Tuesday, 9 September 2014

So what if Mr President was pelted with rotten eggs?

So what if Uhuru Kenyatta was pelted with rotten eggs? Who gives a rat’s shit if the president was heckled; meeting disrupted by ‘rowdy’ youth? Who cares whether it was ‘local politics’ or national?

Look George Bush ducked for cover from a missile shoe in Iraq. Obama was heckled just last month at a press briefing on GITMO: 


I will say three things here quickly and succinctly for ye who have got an ear to listen. I will leave my neck (as per usual) for you to chop, ye who are already Jubilee or CORD on whatever matter. But I will leave an open mind as well for ye noble Kenyans who argue facts. Three points:
  • The two way traffic thing that is RESPECT
  • Hooliganism amongst the youth: - the microcosm of moral rot; unemployment; inequality (ethnic and socio-economic) in our country that we have paid lip service to fixing for way too long
  • Genuine solutions – not gimmickry and political expediency

On RESPECT
There is a chronic self-entitlement that president Uhuru and the people who believe he belongs to them portray in this country that is appalling and nauseating. Respect like the old adage goes – is two way traffic. It is earned, not thrashed down people’s throats. And there are two things that Kenyans must learn to separate: - i) RESPECT for the institution of the Presidency of Kenya; and ii) RESPECT for the person of Uhuru Kenyatta. Those who combine the two and sit on moral high horses administering tirades at us all who would like to distinguish the two are moral conmen that must be treated with the contempt they deserve. If you want me to respect you and regard you as ‘My President’ which is a high honor I would love to accord the gentlemen at state house – Give me reason to do so. You don’t get that by yelling at the top of your voice at roadsides and public rallies about how important you are and deserve exclusive RESPECT.

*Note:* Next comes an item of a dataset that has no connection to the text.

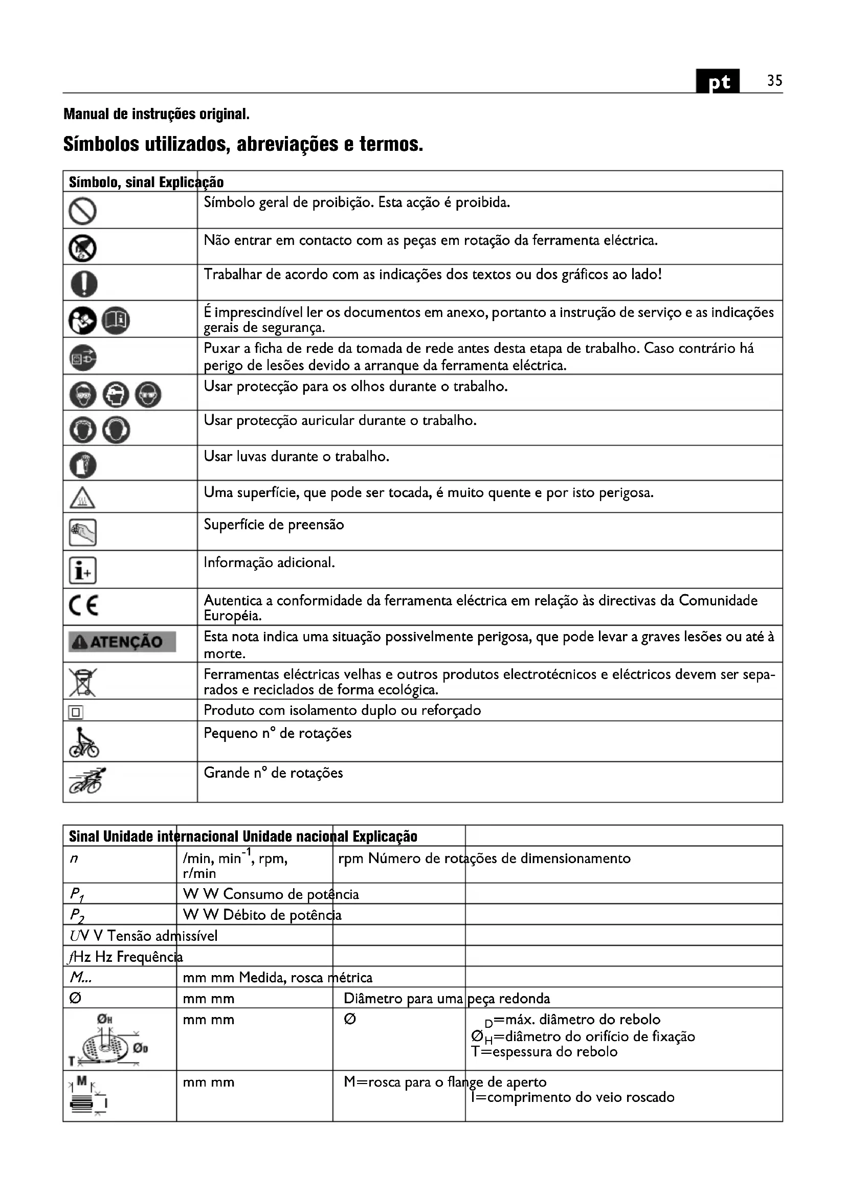 Manual de instruções original. Símbolos utilizados, abreviações e termos. Símbolo, sinal Explicação Símbolo geral de proibição. Esta acção é proibida. Não entrar em contacto com as peças em rotação da ferramenta eléctrica. Trabalhar de acordo com as indicações dos textos ou dos gráficos ao lado! É imprescindível ler os documentos em anexo, portanto a instrução de serviço e as indicações gerais de segurança. Puxar a ficha de rede da tomada de rede antes desta etapa de trabalho. Caso contrário há perigo de lesões devido a arranque da ferramenta eléctrica. Usar protecção para os olhos durante o trabalho. Usar protecção auricular durante o trabalho. Usar luvas durante o trabalho. Uma superfície, que pode ser tocada, é muito quente e por isto perigosa. Superfície de preensão Informação adicional. Autentica a conformidade da ferramenta eléctrica em relação às directivas da Comunidade Européia. Esta nota indica uma situação possivelmente perigosa, que pode levar a graves lesões ou até à morte. Ferramentas eléctricas velhas e outros produtos electrotécnicos e eléctricos devem ser sepa- rados e reciclados de forma ecológica. Produto com isolamento duplo ou reforçado Pequeno n° de rotações Grande n° de rotações Sinal Unidade internacional Unidade nacional Explicação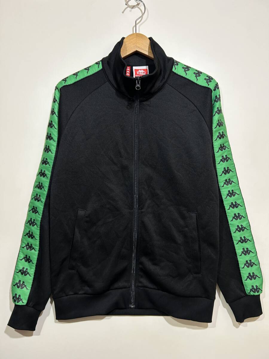 > ★ Kappa トラックジャケット ジャージ 黒 ブラック S グリーンライン 袖ライン 緑 ストリート ユニセックス OMINIロゴ BANDA

You rarely see people call President Kagame names, or vilify him on social media or disrupting his meetings. It is because he has earned their respect. He picked up a country at the brink of the precipice; on its knees destroyed by ethnocentrism and sectarian politics no different from the Kenyan case. He has helped unite the nation, and bring it to the global arena of international political economy. Rwanda’s economy grew on average 7% over the past decade; country showed best progress in Africa in combating poverty; reducing maternal mortality; country now has one of the best healthcare systems in the continent – spending largest on health (8%) in East Africa; basic public goods and delivery of services is impressive.

You my president has spent your year or so making yourself look good; clearing your name. Reminds me of the Swahili saying: Kizuri cha jiuza, kibaya chajitembeza (If you have to say you are awesome, then you aint)

Quit posturing as a tribal chieftain; respect the rights of every Kenyan and accord then the respect and dignity that they deserve (especially those who did not vote for you). Act like a stateseman! This is far from wearing military combat regalia; sharing meals at backstreet food kiosks; pall bearing at funerals; dancing with kids or giggling at public events like a sorority girl. READ i) meritocracy in public service; ii) genuine interest and action on furthering devolution; ii) decisive action on insecurity, iv) addressing high cost of living; iv) and according young people meaningful space at the decision making table (just to mention but a few).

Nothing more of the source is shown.